But doctors don't agree on this issue. In that respect, they are similar to pilots. ;)
 
But doctors don't agree on this issue. In that respect, they are similar to pilots. ;)
Let’s say we have a question about a Lycoming and we ask both a Lycoming engineer with the company with 30 years of experience problem-solving for them and an A&P at a small airport in, say, Kansas who has never even overhauled a Lycoming and they disagree. Whose opinion do we tend to value more? The one we WANT to believe?
 
Good on ya. By “bureaucrats”, do you include church leaders? Where the paycheck comes from doesn’t determine if they’re a bureaucrat, right?

There are good bureaucrats and bad ones - regardless of where they get their paycheck. Blanket distrust seems, well, ill-considered.
 
Let’s say we have a question about a Lycoming and we ask both a Lycoming engineer with the company with 30 years of experience problem-solving for them and an A&P at a small airport in, say, Kansas who has never even overhauled a Lycoming and they disagree. Whose opinion do we tend to value more? The one we WANT to believe?

Not the best example. There's been a number of times in my field the guys on the assembly lines know more about the behavior of the product than the factory engineers.

Or the times that stupid me without a degree had to explain to the engineers and architects why their designs wouldn't work. but hey they are the "experts."

My brothers friend is a doctor and through all this he's just shaking his head at all the crap we were/are being fed vs what was actually going on at his hospital with this.
 
Let’s say we have a question about a Lycoming and we ask both a Lycoming engineer with the company with 30 years of experience problem-solving for them and an A&P at a small airport in, say, Kansas who has never even overhauled a Lycoming and they disagree. Whose opinion do we tend to value more? The one we WANT to believe?
You mean like the factory tech who says “that can’t happen,” but the local guy figures out how to fix it?
 
Good on ya. By “bureaucrats”, do you include church leaders? Where the paycheck comes from doesn’t determine if they’re a bureaucrat, right?
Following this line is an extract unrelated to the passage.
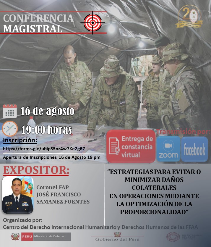 𝗘𝗹 𝗖𝗲𝗻𝘁𝗿𝗼 𝗱𝗲𝗹 𝗗𝗲𝗿𝗲𝗰𝗵𝗼 𝗜𝗻𝘁𝗲𝗿𝗻𝗮𝗰𝗶𝗼𝗻𝗮𝗹 𝗛𝘂𝗺𝗮𝗻𝗶𝘁𝗮𝗿𝗶𝗼 𝘆 𝗗𝗲𝗿𝗲𝗰𝗵𝗼𝘀 𝗛𝘂𝗺𝗮𝗻𝗼𝘀 𝗱𝗲 𝗹𝗮𝘀 𝗙𝘂𝗲𝗿𝘇𝗮𝘀 𝗔𝗿𝗺𝗮𝗱𝗮𝘀 (CDIH-DDHH-FFAA) invita al personal de las Fuerzas Armadas a participar de la conferencia magistral “estrategias para evitar o minimizar daños colaterales en operaciones mediante la optimización de la proporcionalidad”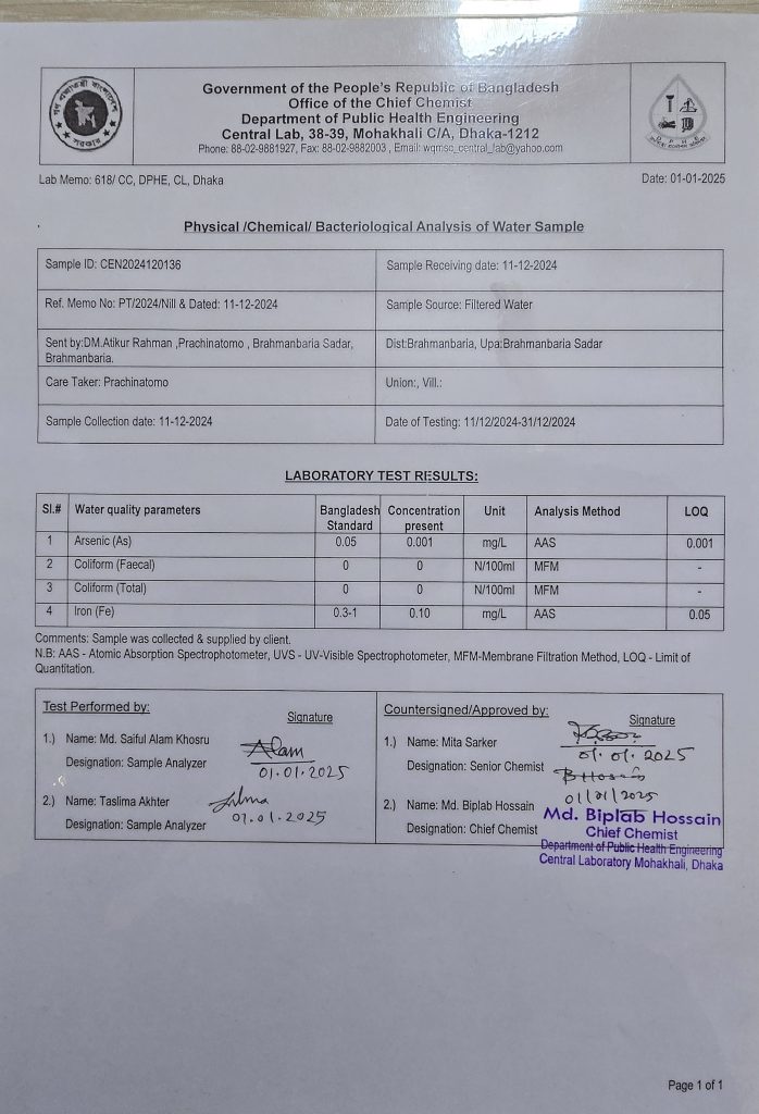 এই ফিল্টারের পানি পানে ক্যান্সার হওয়ার ঝুকি থাকে না।

There are good bureaucrats and bad ones - regardless of where they get their paycheck. Blanket distrust seems, well, ill-considered.
You sound like you need prayer.....;)
 
Hey folks,

Went to Oshkosh - got Covid - it was worth it I suppose. Did anyone else get Covid at Oshkosh?

Be careful out there folks - it seems Covid is everywhere!
Considering how it spreads you probably didn't actually get it AT Oskosh but from someone you were traveling with or say an eatery etc on the way or prior.

Very difficult for the disease to spread in an open environment and virtually all the data suggests you can only get it through close, prolonged contact.
 
That's .04% of the population. And 1/4 of the number from heart disease and 1/4 the number from cancer. Also less than from accidents.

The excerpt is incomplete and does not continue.